See this example: https://master.apis.dev.openstreetmap.org/history#map=15/49.0478/2.0270 - a super large change file (with way more than 10k changes) was split into multiple changesets, and each changeset contains all nodes, ways and relations for one bbox. Today, JOSM typically uploads all nodes first, even if they span multiple changesets (the infamous 10k changesets with no information whatsoever), followed by ways and relations towards the end.

I was seriously considering to suggest this approach to JOSM devs.

in any case as simply suggesting retrying for an hour (and then what?) is not going to cut it.

The expectation here was, that an upload finishes in a matter of seconds, and in case there's some networking issue, the user would have a chance for a safe retry.

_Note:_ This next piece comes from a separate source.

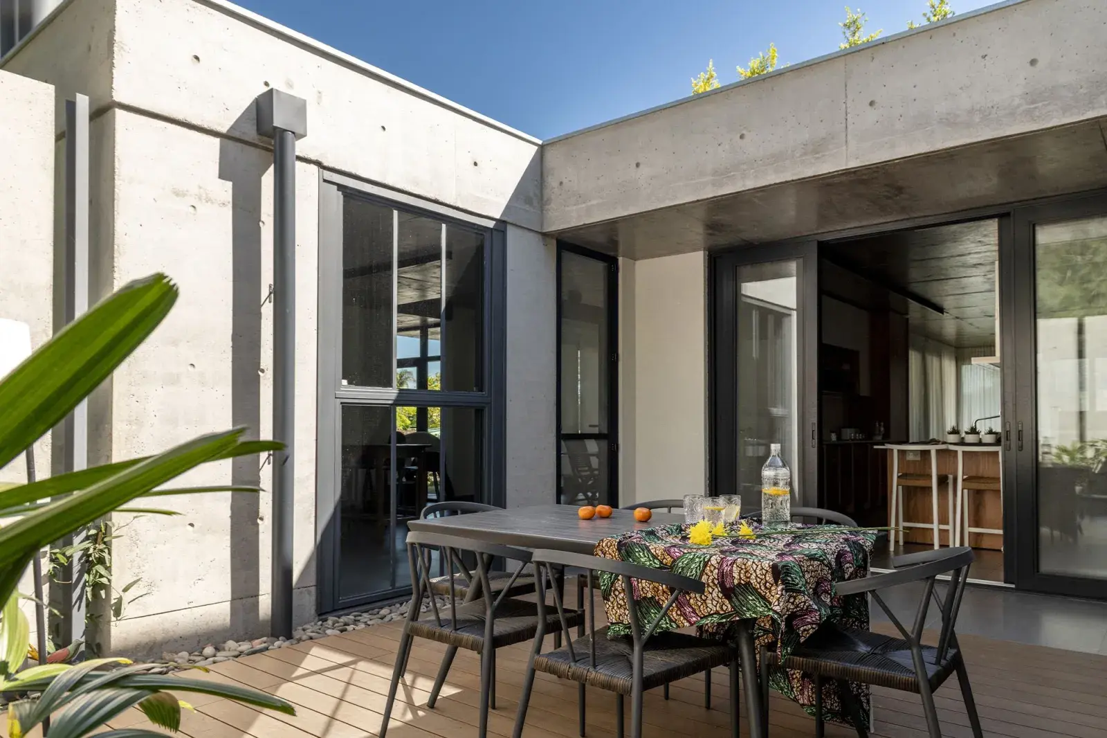 La arquitecta Estefanía Di Carlo, dueña de casa y autora de su proyecto, no quería una galería techada, pero sí un espacio para disfrutar comidas al aire libre.

One hour should leave ample time for a retry. If that still doesn't work out, re-uploading could possibly create some duplicates. After one hour, the changeset will have been closed anyway, and the message payload would look differently (which means, that a simple re-upload will not work).
In any case, this would never cause a loss of data anyway, so this might be perfectly acceptable.


one app misbehaving. solution: tell them to stop and document why auto retrying is a bad idea

This is definitely not limited to JOSM, and can as well occur in any browser under certain conditions. I'd suggest to take a look at the following blog post: https://blogs.oracle.com/ravello/beware-http-requests-automatic-retries

Also see: https://tools.ietf.org/id/draft-nottingham-httpbis-retry-00.html#rfc.section.3.1

The status quo, therefore, is that no Web application can read HTTP’s retry requirements as a guarantee that any given request won’t be retried, even for methods that are not idempotent. As a result, applications that care about avoiding duplicate requests need to build a way to detect not only user retries but also automatic retries into the application “above” HTTP itself.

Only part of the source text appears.